In other parts of the country, though, things look more promising. One area is the southwest. “Because of the growing economy, we have rising demand for energy,” said Robert Bass, president of R.K. Bass Electric in Belton, Texas and regional director, Texas Region, on the IEC National Board of Directors. According to Bass, distributed generation systems help to elevate and supplement a lot of the fuel that we have to burn to keep up with the growth. Growth is also occurring because of the cost savings involved in installing localized systems compared to centralized systems. “Maintenance on these systems is also more practical,” he said.
Bass has seen many homes and smaller commercial businesses start to install rooftop solar systems. “This growth seems to be from tax credits and falling prices,” he said. “I have also seen many campuses install microgrids for localized areas of their campuses. With the microgrids, they are able to take care of a number of facilities with a single system and keep maintenance costs down.”
R.K. Bass has already been involved in a few smaller home solar projects, but is still in the process of evaluating where the company needs to go next in this market. “We do know that the market is here to stay, but, in the past, we have been very cautious about venturing in too far into something until we learn more about it,” he said.
Brian Haines, vice president of Pyramid Electric in Memphis, Tennessee and regional director, Southeast Region, on the IEC National Board of Directors, sees significant opportunities, especially for small solar. “From the perspective of a third-generation electrical contractor in the southeast region, and more specifically in the mid-south region of the U.S., large centralized power generation has long been the domain of state and municipal utilities, which traditionally employ electricians deeply entrenched in electrical unions,” he said. “Thus, a greater consciousness of the cost of electrical power and the impact that traditional power generation has on our environment has spread among Americans.”
According to Haines, opportunities for new or refined power generation means and methods have created an entry point for IEC’s merit-shop contractors. “Most notable is the greater frequency of the captivating vistas of arrayed solar panels that are beginning to appear in Memphis and the mid-south,” he said.

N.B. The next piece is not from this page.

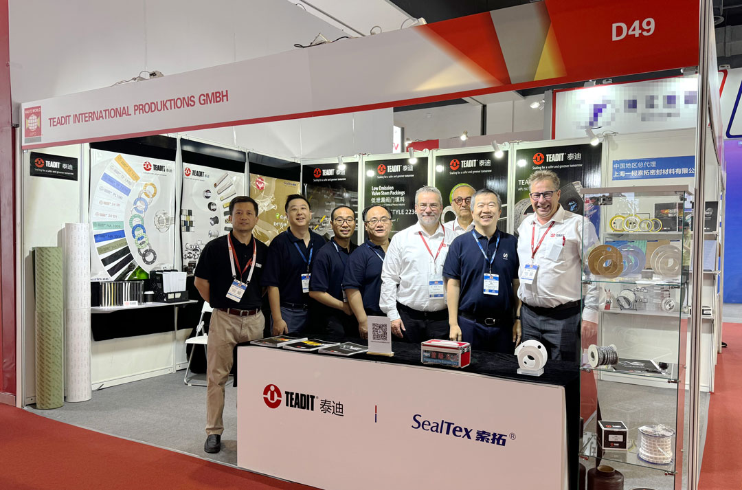 本次展會展出了帶有TEADIT® TAGTM 標(biāo)記的低逸散性可追溯盤根2848,以及API 622 測試平均泄漏率僅為2ppm、ISO 15848-1 密封級別A的2236盤根;多款膨體四氟和改性四氟材料,例如:24SH膨體四氟,TF1570\TF1580\TF1590改性四氟,以及各種符合BAM氧氣測試、PFAS Free,適用于超低溫工況、低泄漏等要求的密封產(chǎn)品。

Examples include solar installations at Brother Industries in Bartlett, the Agricenter International in Memphis, and the West Tennessee Solar Farm, which is one of the Southeast’s largest solar arrays generating over five megawatts of power annually. “Solar installations are providing opportunities for merit shop contractors to profit from a new income source,” said Haines. “While a brief conversation with our Shelby County electrical inspection department revealed that permits for solar installations might appear only once every couple of months, someone is installing those systems. Why should it not be IEC contractors who do so? In my experience with the IEC, our primary currency is training and education.”
With new power generation technologies come new standards and techniques for installation. In order to advance in these niche markets and penetrate with capable, safe and reliable electricians, Haines believes that the local IEC chapters may be the real ones who shine as they are poised to train and educate the workforce to become competitive in these new arenas.
William Atkinson is a freelance writer with experience in the construction and contracting industries.